Despite the continuous improvement in the remedies of anal fistula with various complications, yet a certain number of patients still endure the long-lasting torments both physically and mentally due to the deficiency of effective models for disease remodeling. For instance, the surface fistula model or the dorsal fistula model reveals no correlation with anal fistula, while the anal drainage fistula model has inherent defects in the consistency of fistula epithelialization and drainage biomaterials as well as the time-consuming process. Similarly, the anal screw wire fistula model has been reported with a modeling time for over 30 days but with low-efficient infectious corrosion in perianal region and the difficulty in removing the threaded wire.
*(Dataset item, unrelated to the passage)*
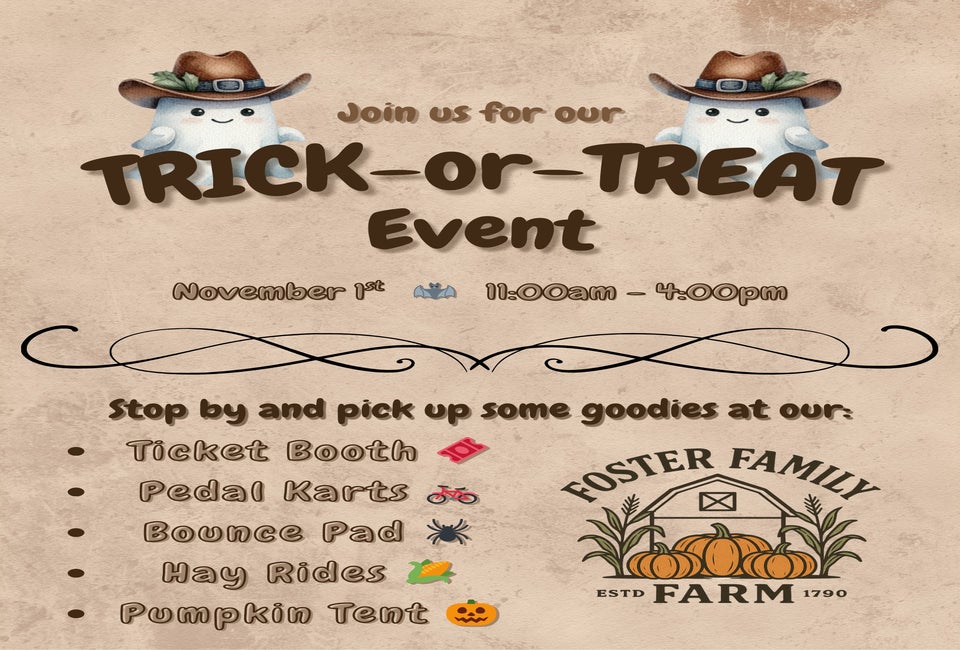 Families are invited to come dressed in their costumes and trick-or-treat around the farm. Our courtyard will be decorated in festive fall style, and little ghosts and goblins can stop at candy stations while enjoying all of our farm activities.

Distinguish from the current animal models of "irrational" anal fistula, our model possessed three prominent advantages. Firstly, it preferably mimicked the symptoms of anal fistula patients with contaminated fistula wounds by feces on the occurrence of diseases in the clinic, which supplied overwhelming new model for dissecting the pathology and therapeutics. In particular, the results of MRI and H&E examinations were highly consistent with the signal intensity and pathological characteristics of anal fistulas. Secondly, this strategy with a higher success rate, a shorter molding cycle, more reliable repeatability, together with minimal surgical risks and cost-effective. In details, our rat anal fistula model was constructed by combining BLV single-core electrolytic aluminum with 5% DSS for one week, and all of the rats revealed typical pathomorphological (e.g., local wetting of anus, fecal secretions, purulent fistula) and histopathological (e.g., inflammatory granulation tissue, inflammatory cell infiltration) characteristics of anal fistula, which were distinguish from the current models with the multifaceted shortcomings as mentioned above. Thirdly, our model was adequate to imitate multiple complications of infectious anal fistula involved in Crohn's disease and ulcerative colitis. Collectively, our methodology would provide a novel "rational" model for further illuminating the pathogenesis and drug development for anal fistula-associated intractable and recurrent disorders in clinical practice in future.